Ce samedi, Donald Trump a clairement exprimé son intention d'envoyer la police de l'immigration, connue sous le nom d'ICE, pour assurer la sécurité dans les aéroports des États-Unis. En raison d’une paralysie budgétaire, des heures d'attente s'accumulent pour les voyageurs, face au manque d'agents spécialisés. "Si les démocrates extrêmes ne réagissent pas rapidement pour garantir la sécurité de notre pays, notamment dans nos aéroports, j'enverrai nos agent ICE pour gérer la situation", a tweeté Trump sur Truth Social.
Depuis le 14 février, les ressources allouées au Département de la Sécurité intérieure (DHS) sont gelées, un résultat direct d'un conflit majeur entre républicains et démocrates concernant les pratiques controversées de l'ICE, critiquées par de nombreux progressistes, comme le souligne 20 Minutes. En conséquence, de nombreux fonctionnaires de cette agence sont en chômage technique, tandis que ceux considérés essentiels continuent de travailler sans salaire jusqu'à ce qu'un accord soit atteint.
Des files d'attente interminables dans les aéroports
La situation actuelle a engendré une hausse de l'absentéisme parmi le personnel de sécurité, certains n'hésitant pas à chercher un emploi ailleurs. Cela a pour effet d'allonger les files d'attente dans les aéroports, où les passagers peuvent désormais attendre plusieurs heures pour passer le contrôle de sécurité, une situation alarmante pour de nombreux voyageurs.

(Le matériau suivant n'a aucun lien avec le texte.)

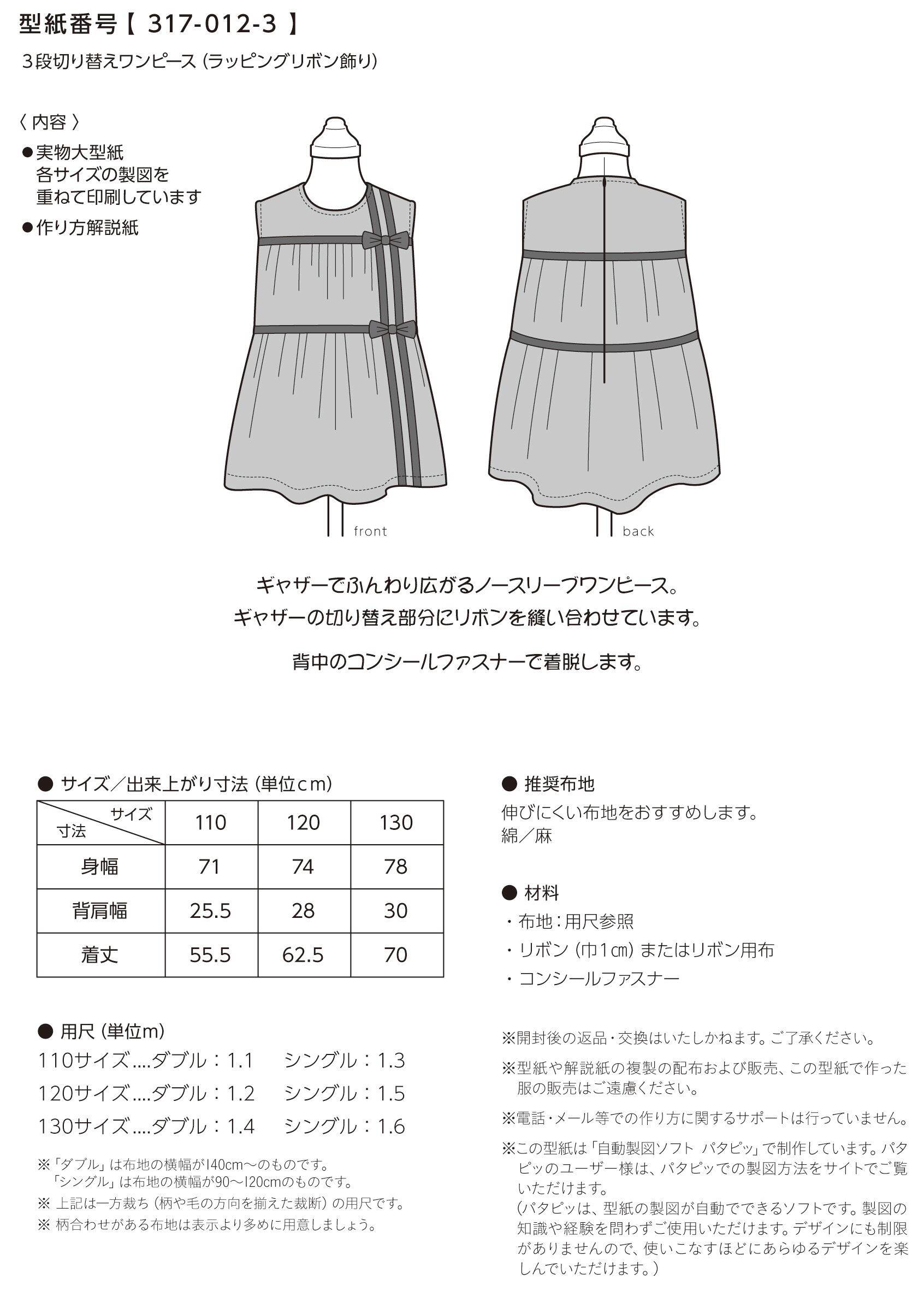 80~100サイズも販売中【型紙番号 317-012-2】。

Malgré le gel budgétaire, l'ICE continue ses opérations en utilisant des fonds approuvés antérieurement. Trump a également averti que si ses agents étaient déployés dans les aéroports, ils procéderaient à "l'arrestation immédiate de tout immigrant entré illégalement", mettant particulièrement l'accent sur les personnes en provenance de Somalie.

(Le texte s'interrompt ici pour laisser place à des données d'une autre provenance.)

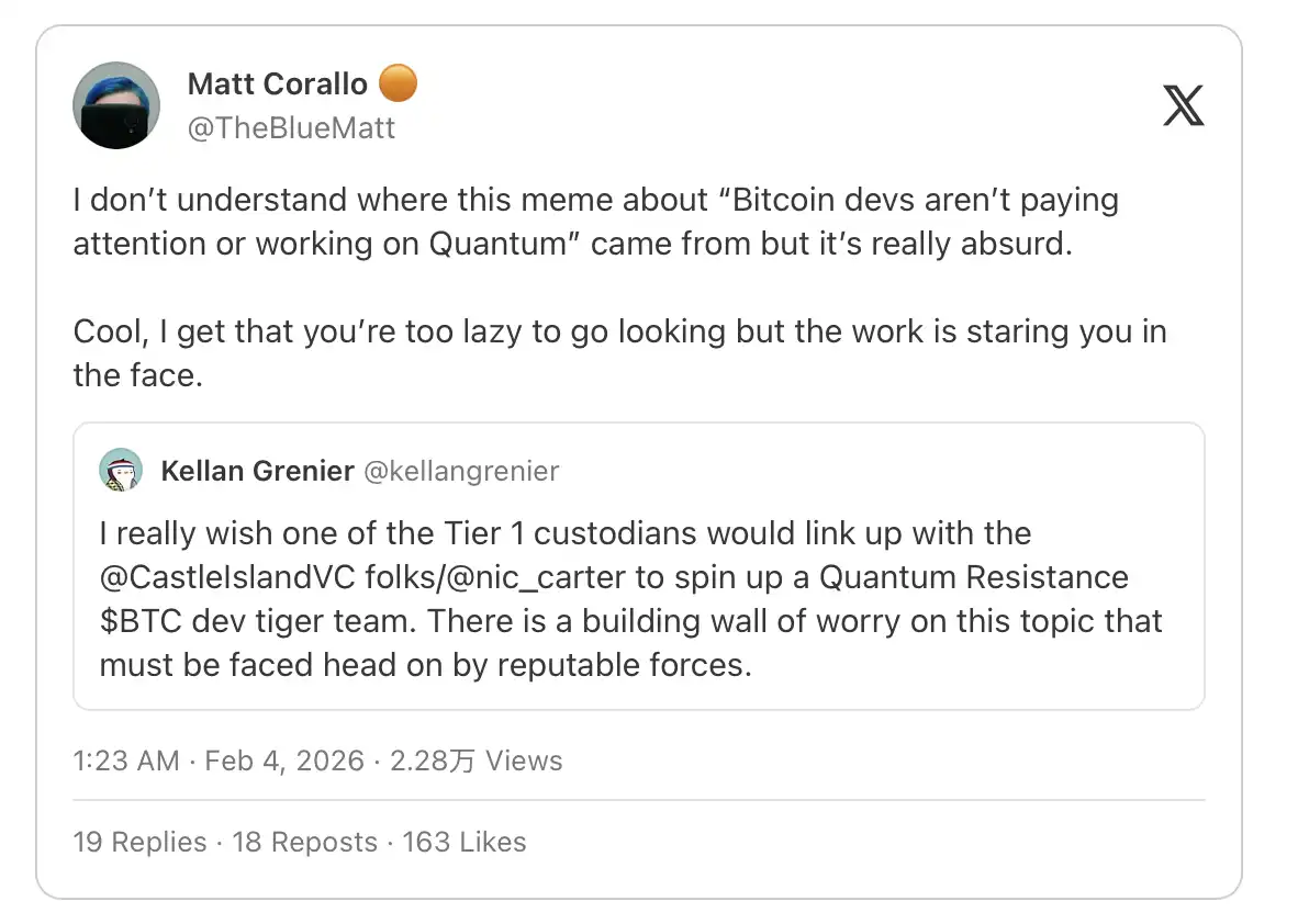 Matt Corallo 确实在乎,也确实认为存在风险。但他明确否认我「最重要的开发者不在乎」的观点,并把我的批评称为「FUD」。也许 Matt 掌握一些我没有的内部信息:也许私下里,开发者们正因量子问题而焦虑不安。但在公开场合,他们的表现却像是完全不存在任何风险。

Cette proposition soulève de nombreuses questions sur la sécurité, le respect des droits humains et l’ambiance dans les aéroports américains, alors que le débat politique culmine. Selon l'expert en politique publique, Dr. Jean-François Dupont, "ce type d'approche pourrait exacerber les tensions au sein des communautés déjà fragilisées". Les implications de cette décision sont à surveiller de près.